# Leupold Vendetta



## Coach Dad (Sep 18, 2009)

I'm surprised nobody has replied. The Vendetta looks like the best idea since sliced bread. I'm also waiting to read some reviews before buying one.:tongue:


----------



## bowmanhunter (Dec 27, 2003)

it is rock soild and I loved it!:thumbs_up it's dead on and no problem to see the display

Only problem is that it is illegal to use for hunting in Ohio and alot of other states


----------



## Coach Dad (Sep 18, 2009)

That is strange,,, Why would a range finder be illegal?


----------



## Craveman (Jun 18, 2009)

*Re: bow mounted range finder*



Coach Dad said:


> That is strange,,, Why would a range finder be illegal?
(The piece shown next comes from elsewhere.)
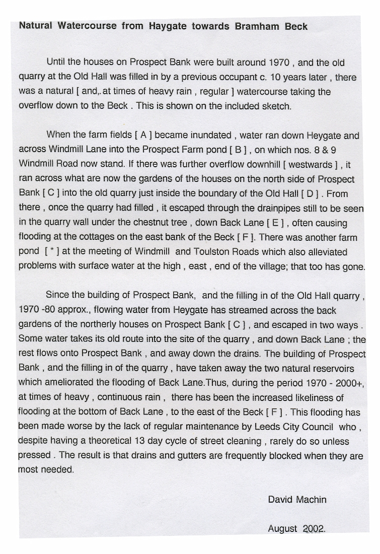 1. & 2. An explanation by David Machin of how the building of Prospect Bank interfered with the long established drainage arrangements from the fields adjoining Heygate Lane resulting in occasional flooding problems in Prospect bank and Back Lane.

I can't speak for other states but here in Oregon it is illegal to have any electronic device attached to our bow or arrows. That includes illuminated nocks, any type of artificial lighting of the sight such as an led, and from what I understand, it would even be illegal to use a bow mounted camera to film your shot on an animal. So I would assume that the range finder falls into the same category. 
I know several guys who use illuminated nocks, and I had a little light on my old setup's sight (though I could never seem to keep a battery in it that worked) and didn't even realize until recently that it was a violation.
There are a lot of people who argue the merits and the reach of the law for both pro and con, but without getting into the mud, that is it in a nutshell as I understand it.


----------



## jim-bo (Feb 10, 2010)

I have only seen the advertisements, but I don't know how i feel about them just yet... interesting concept though.


----------



## abentarro (Mar 20, 2007)

*just got in shop 3 days ago*

set up on shop bow best range finder I have seen yet. It is light wieght, easy to read #, very acurate, and best of all you are ranging at full draw when you want to shoot animal. A PLUS in my book.


----------



## EMSBMR (May 22, 2008)

A buddy of mine just bought one. We mounted it tonight. Didn't get a chance to sight it in yet. Will do it this weekend. I'm going to see how it works out over the weekend before I drop the cash on one for myself.


----------



## Bobbyb (Sep 13, 2006)

I got one a couple of weeks ago. So far, so good. I think I am going to like it.


----------



## EMSBMR (May 22, 2008)

Her at my buddy's camp sighting in the vendetta. Its a nice instrument but a real pain in the ***** to adjust the laser at 20 yards. I don't know if its worth the aggravation to buy one for myself. God help you if your in the woods and bump the rangefinder on a tree and throw off the sighting.


----------



## d_money (Aug 29, 2009)

I wanted one of these badly but it's out lawed in almost all the western states where it would be really use full. Personally when I'm in a tree stand like alot of hunters on the east coast I range a few spots on the ground where I think the deer or whatever I'm hunting may come from and that's it. When I see a deer I look at my clsosest refferance point and wait to stop the deer till there or make a quick guess in relation to that spot and make the shot. But 99% of my huntng is spot and stalk and you don't have time to range the animal usually. Guessing yardage is the norm. But with only Arizona being the only western state the range finder is legal in that's disapointing. This could have been the one thing that broughtus west coast guys alot of help in the woods this year.


----------



## Ohio Mossy Oak (Dec 17, 2006)

bowmanhunter said:


> it is rock soild and I loved it!:thumbs_up it's dead on and no problem to see the display
> 
> Only problem is that it is illegal to use for hunting in Ohio and alot of other states


I think that rule you speaking of applies more to laser sights etc..DO range finders project a beam you can actually see..Im pretty sure there legal even when mounted to a weapon cannot Have attached to a longbow or crossbow
any mechanical, electrical or electronic device
capable of projecting a beam of light.


----------



## bowmanhunter (Dec 27, 2003)

Ohio Mossy Oak said:


> I think that rule you speaking of applies more to laser sights etc..DO range finders project a beam you can actually see..Im pretty sure there legal even when mounted to a weapon cannot Have attached to a longbow or crossbow
> any mechanical, electrical or electronic device
> capable of projecting a beam of light.


I couldn't agree more but I dont make the laws.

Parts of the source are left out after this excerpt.